*Directions for this task*:
Exact retyping of the data: please keep every word and drop each picture.

*Dataset excerpt*:
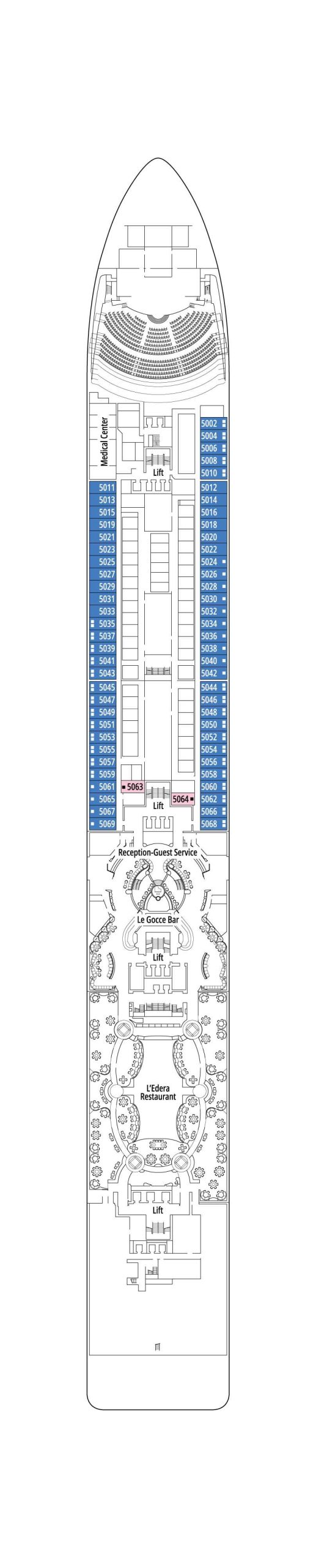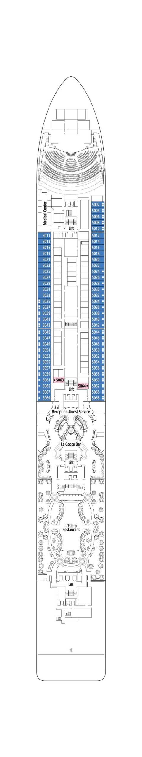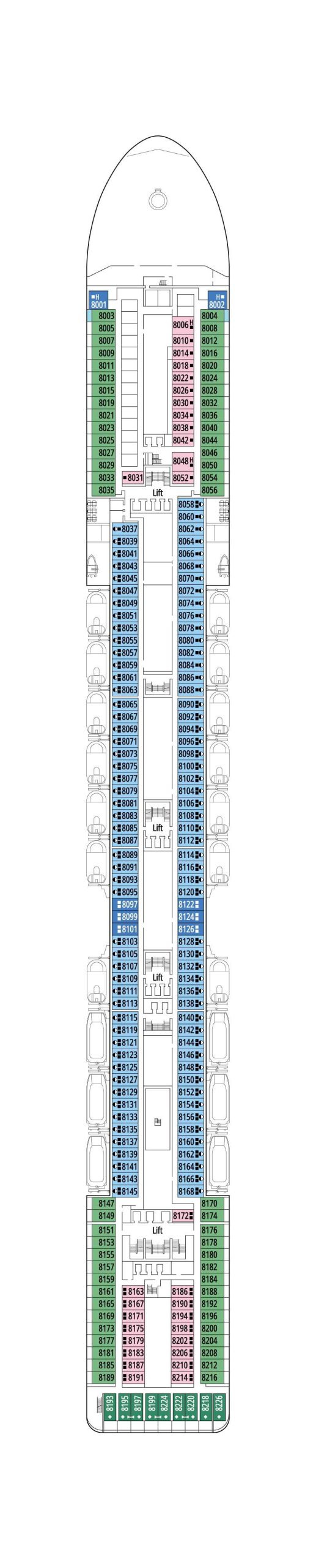 デッキプランをチェックして理想のキャビンを見つけましょう。IMAのオンライン予約では、以下と同じデッキプランを確認しながら部屋を選ぶ事ができます。
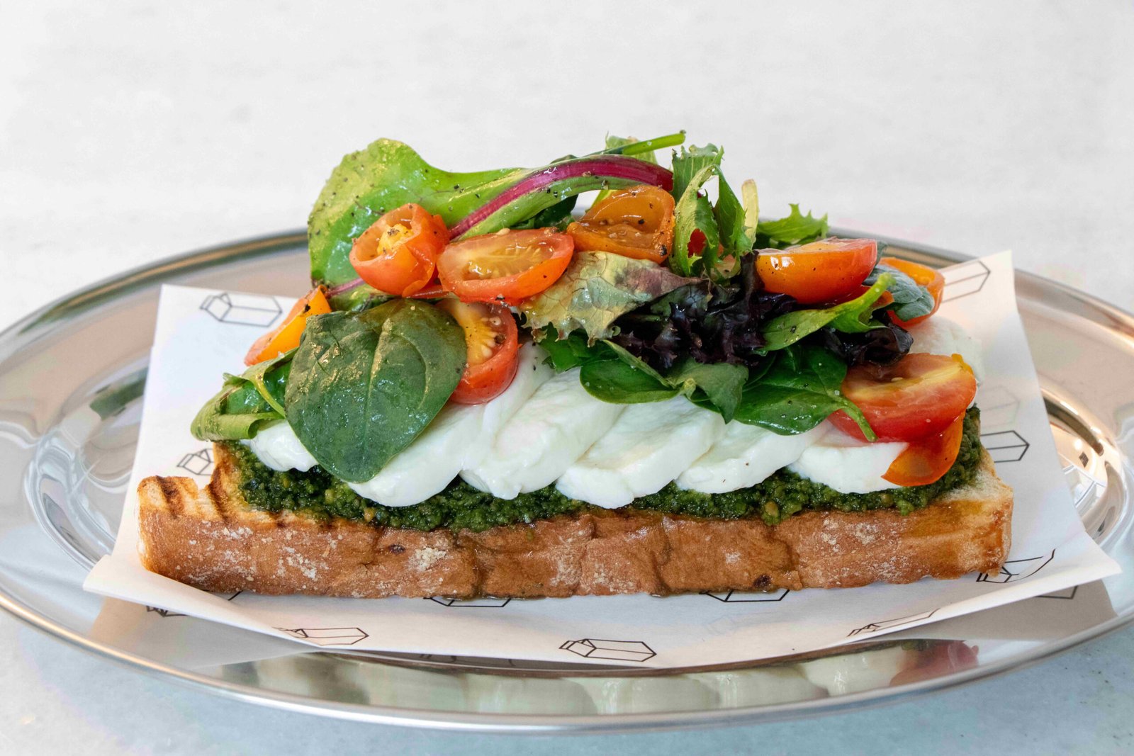 PESTO + MOZARELLA REBANADO (90GR) + CHILI OIL + TOMATES CHERRY ROSTIZADOS + MIX DE LECHUGAS + VINAGRETA DE LA CASA + PAN DE AJO
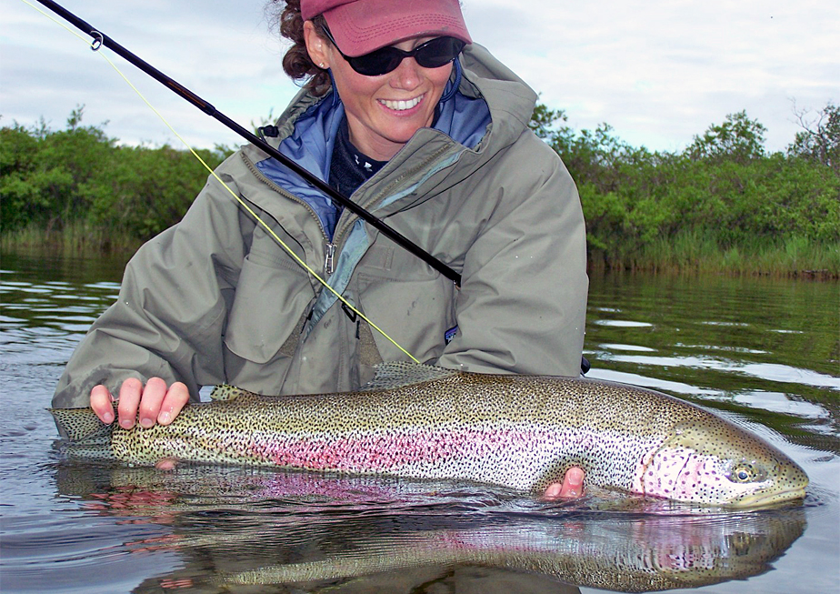 • Royal Wolf specializes in fishing for some of the largest rainbows in Alaska, largely in smaller to modest-sized streams. Most fishing is done with 6-weight rods and floating lines, and it is not unusual to spot the big trout in shallow water before making your presentation. For those that want to target numbers of large trout in easily-waded streams, there is no finer place to go than Royal Wolf Lodge. You will have the opportunity to hook and land large river trout every day!

*Output of the exercise*:
 デッキプランをチェックして理想のキャビンを見つけましょう。IMAのオンライン予約では、以下と同じデッキプランを確認しながら部屋を選ぶ事ができます。
 PESTO + MOZARELLA REBANADO (90GR) + CHILI OIL + TOMATES CHERRY ROSTIZADOS + MIX DE LECHUGAS + VINAGRETA DE LA CASA + PAN DE AJO
 • Royal Wolf specializes in fishing for some of the largest rainbows in Alaska, largely in smaller to modest-sized streams. Most fishing is done with 6-weight rods and floating lines, and it is not unusual to spot the big trout in shallow water before making your presentation. For those that want to target numbers of large trout in easily-waded streams, there is no finer place to go than Royal Wolf Lodge. You will have the opportunity to hook and land large river trout every day!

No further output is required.